- Directed by: Bohdan Sláma
- Produced by: Pavel Strnad Petr Oukropec
- Starring: Marek Daniel Martin Pechlát
- Cinematography: Diviš Marek
- Music by: Jakub Kudláč
- Distributed by: Bontonfilm
- Release date: 15 February 2024;
- Running time: 112 minutes
- Countries: Czech Republic Germany Slovakia
- Language: Czech

= Dry Season (2024 film) =

Dry Season (Sucho) is a 2024 Czech drama film directed by Bohdan Sláma. The film was co-produced by the company Negativ, Czech Television, the German company 42film and the Slovak company Artillery with the support of the State Cinematography Fund, the South Moravian Film Foundation Fund, the Slovak Audiovisual Fund and the German Mitteldeutsche Medienförderung.

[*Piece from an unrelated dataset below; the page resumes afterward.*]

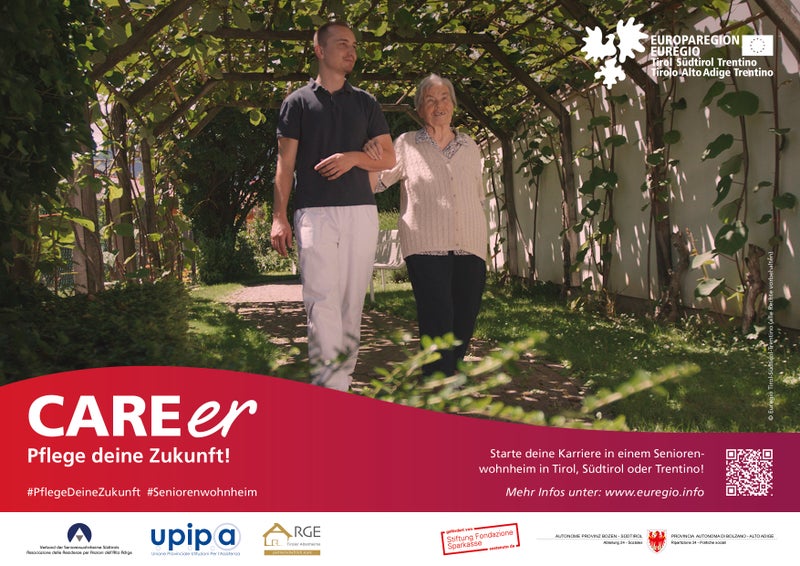 "Care" bedeutet auf Englisch Pflege und "Career" steht für Karriere oder Laufbahn. Dieses Wortspiel nutzt die Europaregion Tirol-Südtirol-Trentino, um mit einer breiten Kampagne die Pflegeberufe ins Scheinwerferlicht zu stellen. Mit Kurzfilmen, Plakaten und weiterem Informationsmaterial wird nicht nur auf die gesellschaftliche Bedeutung der Pflegeberufe hingewiesen, sondern auch auf viele andere Gründe, die für eine Arbeit in der Pflege sprechen. "Die gemeinsame Kommunikationskampagne zielt darauf ab, das Image und die Attraktivität der Pflegeberufe zu stärken und deren Wert hervorzuheben sowie für junge Menschen und Arbeitssuchende für diesen Berufsweg zu begeistern", heißt es aus dem Euregio-Büro.

It was released in theaters on February 15, 2024 by Bontonfilm. It screened on 28 November 2024 as closing film of the 55th International Film Festival of India.

==Plot==
The film is set in South Moravian location known as Moravian Tuscany. It focuses on a conflict between two family clans led by dominant fathers. Josef forces his family to an alternate way of life in harmony and leads fight against local Agribusiness owned by Viktor. Josef's family suffers as he prohibits children from computers, mobile phones and the Internet while his wife Eva has to provide for family and must works at the local Agribusiness her husband fights against. Viktor on the other hand considers land as a tool for making a profit and doesn't care about ecological impact and long-term sustainability. Viktor's son Míra, who has been living with his mother in Prague for over a year arrives to Viktor's place for the holidays. Viktor would like to involve Míra in the management of the Agribusiness but Míra refuses because he does not agree with her father's approach. Míra becomes close to Josef's daughter Žofka, but their relationship is turbulent, especially when both teenagers start to stand up against their domineering fathers. Viktor tries to convince Míra not to meet with Žofka, while Josef does not like to see Žofka break free from his influence. When Míra and Žofka decide to run away from the village together, it seems that this will be the best solution for their situation.

==Cast==
- Marek Daniel as Viktor
- Martin Pechlát as Josef
- Magdaléna Borová as Eva
- Tomas Sean Pšenička as Míra
- Dorota Šlajerová as Žofka
- Bolek Polívka as Viktor's father
- Gabriela Míčová
- Judit Pecháček
- Marek Taclík

==Production==
Shooting took place in 2022 mostly in South Moravia. Filming locations include Krumvíř, Šardice and other locations of Moravian Tuscany. Beside that some parts were filmed in Prague and Berlin.